Yeah because Linux's memory management is quite poor and running out of RAM without swap will often mean a hard reboot. Swap definitely helps a lot, even if it doesn't fully solve the problem.
To be honest I don't know why it's such an issue on Linux. Mac and Windows don't have this issue at all. Windows presumably because it doesn't over-commit memory. I'm not sure why Mac is so much better than Linux at memory management.
My eventual solution was to just buy a PC with a ton of RAM (128 GB). Haven't had any hard reboots due to OOM since then!
> To be honest I don't know why it's such an issue on Linux. Mac and Windows don't have this issue at all. Windows presumably because it doesn't over-commit memory
To be fair, my Windows system grinds to a halt (not really, but it becomes very noticably less responsive in basically anything) when JetBrains is installing an update (mind you I only have SSDs with all JetBrains stuff being on an NVMe). I don't know what JetBrains is doing, but it consistently makes itself noticable when it is updating.

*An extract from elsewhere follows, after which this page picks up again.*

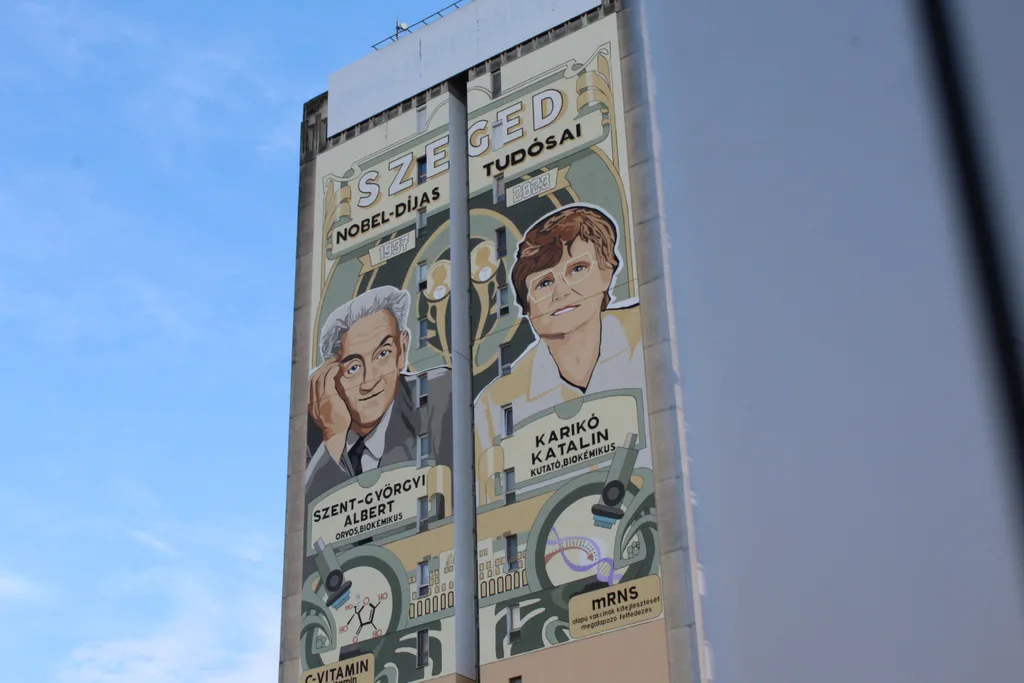 Nem akárhogy tisztelgett Szeged a két Nobel-díjasa előtt. Karikó Katalin és Szent-Györgyi Albert sok szálon kötődik a napfény városához, épp ezért döntött úgy a helyi vezetés, hogy a legnagyobb épületük falára festik arcképüket. Képeken mutatjuk a Nobel-díjasok közös, monumentális freskóját!

I have had this happen in the past (not very often though), and another saving grave of Windows is you can press ctrl-alt-del, which somehow seems to pause the rest of the system activity, and then see a process list and choose which one to kill.
Linux doesn't have anything like that. KDE seems to have a somewhat functional Ctrl-alt-del menu - I have been able to access it when the rest of the shell gets screwed up (not due to OOM). But inexplicably the only options it has are Sleep, Restart, Shutdown or Log out!! Where is the "emergency shell", or "process manager" or even "run a program"? Ridiculous.
I think Linux GUIs often have this weird fetish with designing as if nothing will ever go wrong, which is clearly not how the real world works. Especially on Linux. I've genuinely heard people claim that most Linux users will never need to use a terminal for example.
> To be honest I don't know why it's such an issue on Linux.
edit: I wrote all this before realizing I overlooked that you answered it yourself, so below is my very elaborate explanation of what you said:
> Windows presumably because it doesn't over-commit memory.
I'm no expert but from what I've gathered this ultimately boils down to how Linux went with fork for multiprocessing, vs Windows focused on threads.
With fork, you clone the process. Since it's a clone it gets a copy of all the memory of the parent process. To make fork faster and consume less physical memory, Linux went with copy-on-write for the process' memory. This avoids an expensive copy, and also avoids duplicating memory which will only be read.
The downside is that Linux has no idea how much of the memory shared with the clone that the clone or the parent will modify after the fork call. If the clone just does a small job and exits quickly, neither it or the parent will modify a lot of pages, thus most of them are never actually copied. The fastest work is the work you never perform, so this is indeed fast.
However, in some cases the clone is long-lived and thus a lot of memory might eventually end up getting copied. Well, Linux needs to back those copies with physical memory, and so if there's not enough physical memory around it has to evict something. While Linux scrambles to perform the copy, the process which triggers it has to wait.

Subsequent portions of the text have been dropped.